- _The task_
Return the records word for word. Pictures do not belong in the copy.

- _Excerpted records_
════════════════

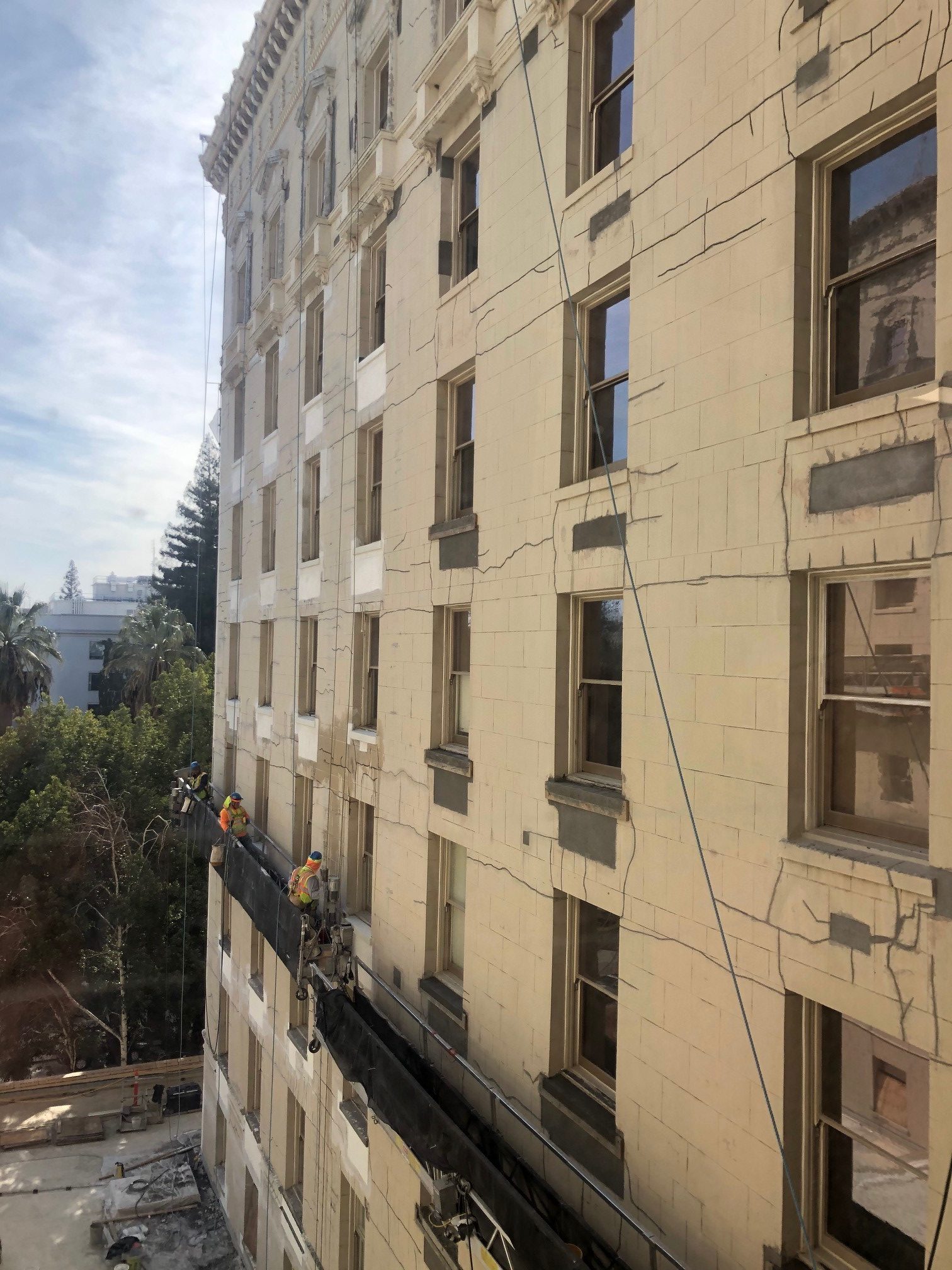The building was purchased by a new Owner, who wanted it restored to its original condition. In order to rehabilitate and repair the building, the concrete substrate, exterior cement plaster, ornamental precast elements, historic wood window assemblies, and the historic redwood flagpoles, as well as recoat all exterior façade elements needed to be restored.
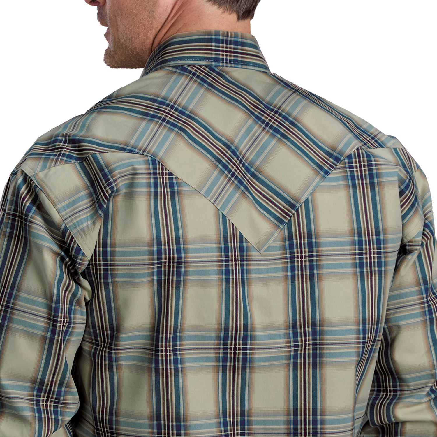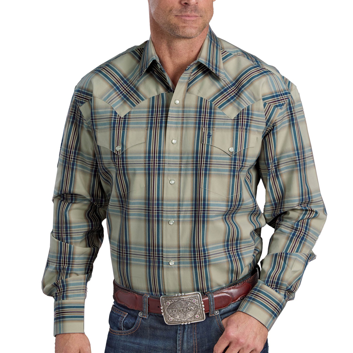 Vintage Indigo Plaid Long Sleeve Snap Shirt – BlueThis Stetson Vintage Indigo Plaid Shirt blends timeless Western style with refined detailing. Crafted from 100% yarn-dyed cotton, it features a classic plaid pattern accented by satin stitching for a polished look. The ultra-deep curved back yoke and denim-trimmed interior add subtle character, while pearl logo snaps bring a touch of Stetson tradition. Finished with Stetson embroidery on the chest and sleeve placket, this regular-fit shirt is built for everyday comfort and Western authenticity.
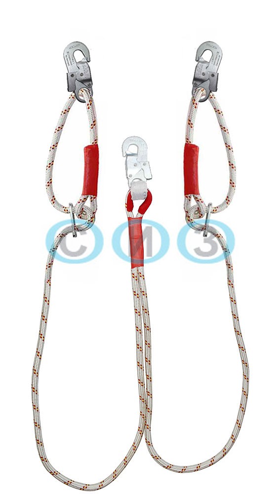 Строп Врегд К20+К20 NL (канат в оплетке) - страховочный регулируемый двойной (двуплечий) строп из капроновой верёвки с тремя малыми монтажными карабинами.
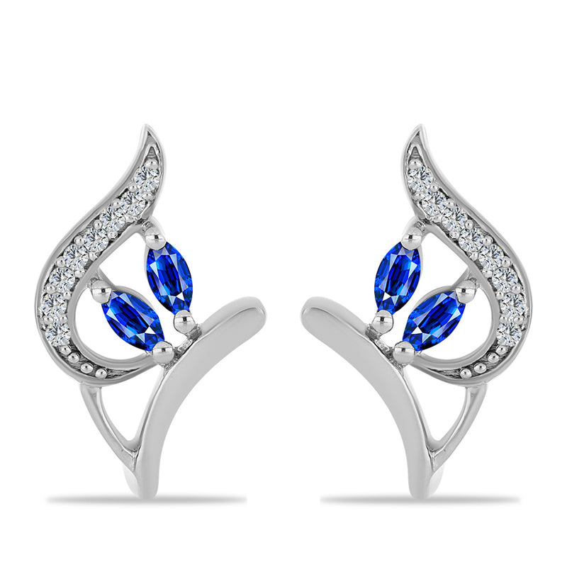 Stříbrné Náušnice s Australským Modrým Safírem a Bílým Topazem
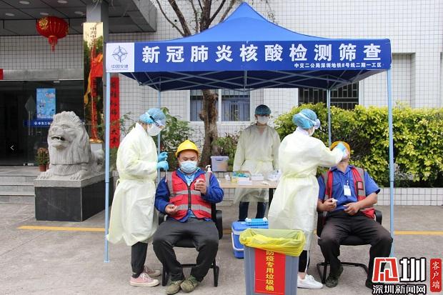 地鐵8號線二期工地內(nèi)對工人進行新冠肺炎核酸檢測篩查。

════════════════

- _Response to the task_
The building was purchased by a new Owner, who wanted it restored to its original condition. In order to rehabilitate and repair the building, the concrete substrate, exterior cement plaster, ornamental precast elements, historic wood window assemblies, and the historic redwood flagpoles, as well as recoat all exterior façade elements needed to be restored.
 Vintage Indigo Plaid Long Sleeve Snap Shirt – BlueThis Stetson Vintage Indigo Plaid Shirt blends timeless Western style with refined detailing. Crafted from 100% yarn-dyed cotton, it features a classic plaid pattern accented by satin stitching for a polished look. The ultra-deep curved back yoke and denim-trimmed interior add subtle character, while pearl logo snaps bring a touch of Stetson tradition. Finished with Stetson embroidery on the chest and sleeve placket, this regular-fit shirt is built for everyday comfort and Western authenticity.
 Строп Врегд К20+К20 NL (канат в оплетке) - страховочный регулируемый двойной (двуплечий) строп из капроновой верёвки с тремя малыми монтажными карабинами.
 Stříbrné Náušnice s Australským Modrým Safírem a Bílým Topazem
 地鐵8號線二期工地內(nèi)對工人進行新冠肺炎核酸檢測篩查。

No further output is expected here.